Work order:
Report only the number of lines in the records that contain the word "total".

Exercise materials:

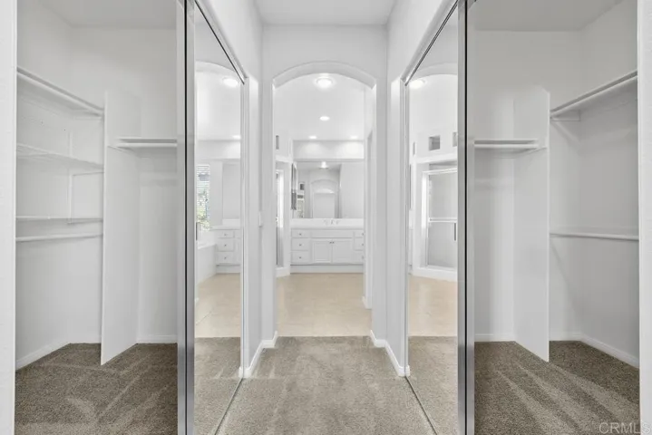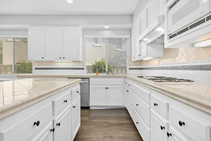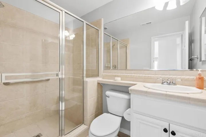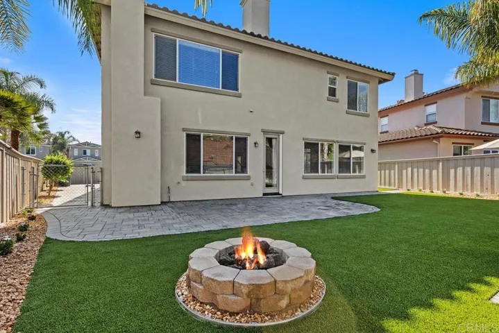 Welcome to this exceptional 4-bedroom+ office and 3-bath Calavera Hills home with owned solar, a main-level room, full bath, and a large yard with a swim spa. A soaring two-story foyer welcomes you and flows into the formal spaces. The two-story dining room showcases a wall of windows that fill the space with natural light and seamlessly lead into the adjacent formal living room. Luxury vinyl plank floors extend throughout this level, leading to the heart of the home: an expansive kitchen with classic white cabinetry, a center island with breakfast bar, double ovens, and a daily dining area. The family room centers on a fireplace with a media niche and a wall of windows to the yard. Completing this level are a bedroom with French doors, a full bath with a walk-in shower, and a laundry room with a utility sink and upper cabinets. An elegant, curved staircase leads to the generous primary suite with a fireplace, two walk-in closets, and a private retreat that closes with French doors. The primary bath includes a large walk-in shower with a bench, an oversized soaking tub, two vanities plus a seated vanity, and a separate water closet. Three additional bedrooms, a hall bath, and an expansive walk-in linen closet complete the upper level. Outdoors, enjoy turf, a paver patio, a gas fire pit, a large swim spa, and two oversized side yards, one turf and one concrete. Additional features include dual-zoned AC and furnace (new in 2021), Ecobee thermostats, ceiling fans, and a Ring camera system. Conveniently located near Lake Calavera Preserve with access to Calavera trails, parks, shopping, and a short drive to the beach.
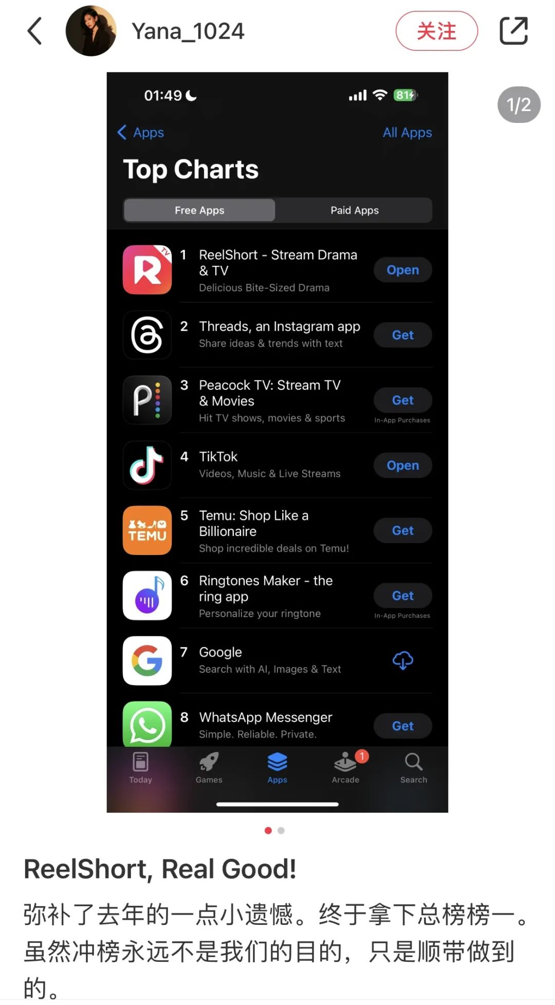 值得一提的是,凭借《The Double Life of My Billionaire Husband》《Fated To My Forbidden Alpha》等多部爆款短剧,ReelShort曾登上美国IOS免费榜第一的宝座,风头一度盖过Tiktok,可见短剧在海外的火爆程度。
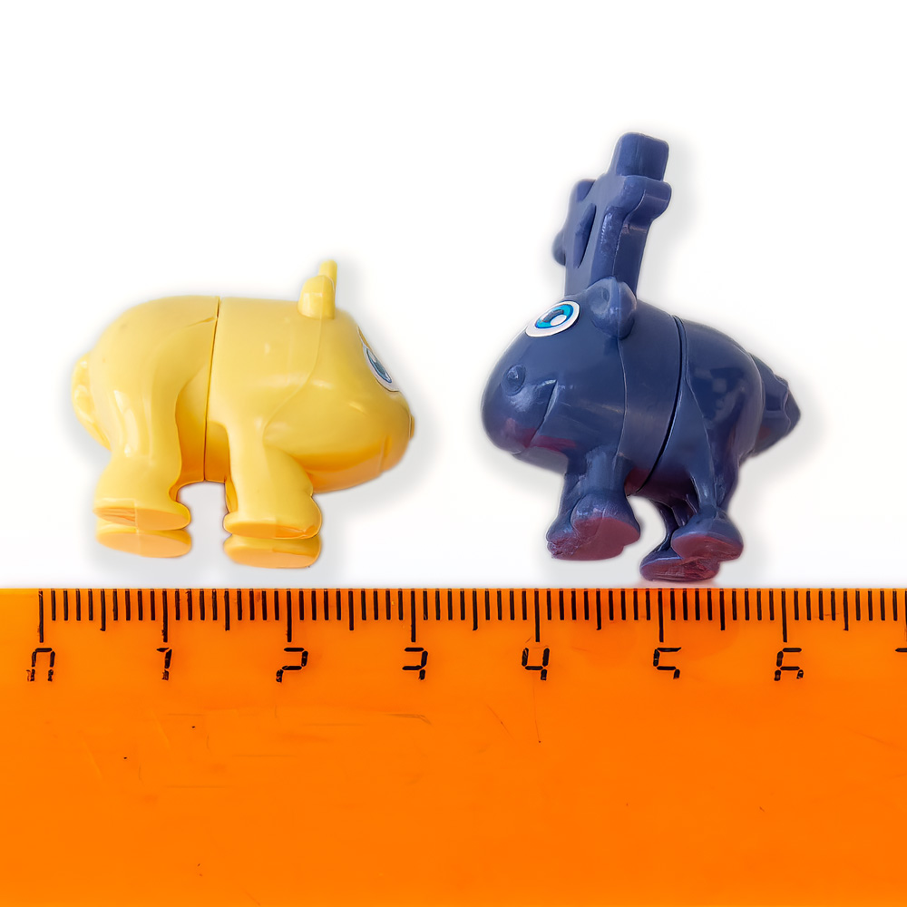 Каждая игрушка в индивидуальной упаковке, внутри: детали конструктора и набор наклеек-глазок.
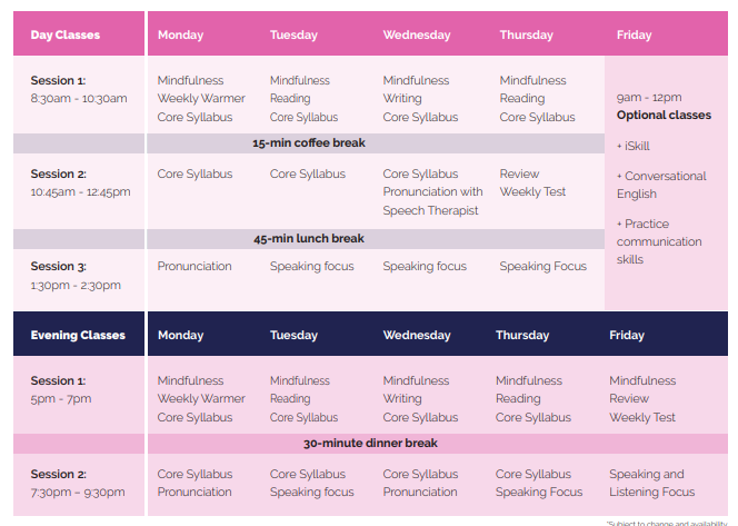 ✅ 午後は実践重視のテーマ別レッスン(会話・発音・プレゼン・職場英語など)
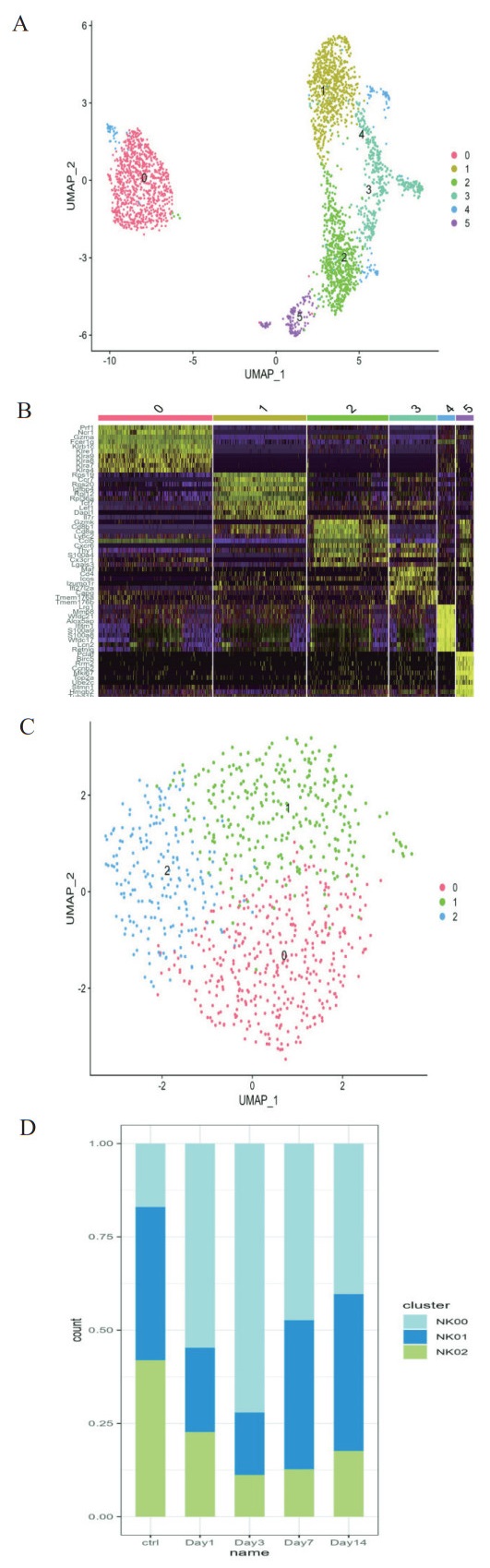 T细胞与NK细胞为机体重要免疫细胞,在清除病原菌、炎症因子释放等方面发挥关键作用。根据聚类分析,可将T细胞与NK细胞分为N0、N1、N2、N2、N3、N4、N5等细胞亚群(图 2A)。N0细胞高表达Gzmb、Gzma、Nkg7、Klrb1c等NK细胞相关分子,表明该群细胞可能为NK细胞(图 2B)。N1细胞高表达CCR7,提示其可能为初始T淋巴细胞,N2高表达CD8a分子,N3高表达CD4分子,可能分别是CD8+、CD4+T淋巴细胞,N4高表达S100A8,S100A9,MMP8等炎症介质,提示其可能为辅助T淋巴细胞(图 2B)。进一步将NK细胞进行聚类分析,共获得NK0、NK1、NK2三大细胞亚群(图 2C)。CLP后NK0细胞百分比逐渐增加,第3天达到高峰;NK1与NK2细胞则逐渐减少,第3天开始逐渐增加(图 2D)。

---

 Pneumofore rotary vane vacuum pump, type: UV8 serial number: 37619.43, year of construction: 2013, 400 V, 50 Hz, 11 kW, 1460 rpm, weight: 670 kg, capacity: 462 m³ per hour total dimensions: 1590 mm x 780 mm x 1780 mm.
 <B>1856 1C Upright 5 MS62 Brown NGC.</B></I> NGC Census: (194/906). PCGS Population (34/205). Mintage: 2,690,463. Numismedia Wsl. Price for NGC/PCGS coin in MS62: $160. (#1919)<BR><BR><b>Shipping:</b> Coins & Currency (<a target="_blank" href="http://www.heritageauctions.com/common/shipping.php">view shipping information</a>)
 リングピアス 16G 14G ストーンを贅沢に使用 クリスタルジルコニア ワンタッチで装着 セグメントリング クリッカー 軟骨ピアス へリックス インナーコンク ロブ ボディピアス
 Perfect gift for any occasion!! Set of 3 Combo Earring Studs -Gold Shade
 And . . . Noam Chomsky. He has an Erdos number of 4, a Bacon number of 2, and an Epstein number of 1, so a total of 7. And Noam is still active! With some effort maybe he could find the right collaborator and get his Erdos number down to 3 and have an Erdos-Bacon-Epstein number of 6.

* * *

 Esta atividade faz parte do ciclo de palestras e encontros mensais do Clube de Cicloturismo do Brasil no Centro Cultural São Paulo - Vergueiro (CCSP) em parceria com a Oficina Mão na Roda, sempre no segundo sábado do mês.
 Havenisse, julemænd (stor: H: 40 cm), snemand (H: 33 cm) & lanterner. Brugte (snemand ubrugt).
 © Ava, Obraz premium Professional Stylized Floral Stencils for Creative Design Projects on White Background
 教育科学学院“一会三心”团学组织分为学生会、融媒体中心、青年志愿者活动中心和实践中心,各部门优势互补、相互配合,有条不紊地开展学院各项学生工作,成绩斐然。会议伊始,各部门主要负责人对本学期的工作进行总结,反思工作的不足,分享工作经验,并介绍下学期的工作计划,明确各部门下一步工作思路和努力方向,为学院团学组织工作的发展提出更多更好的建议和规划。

Answer below:
2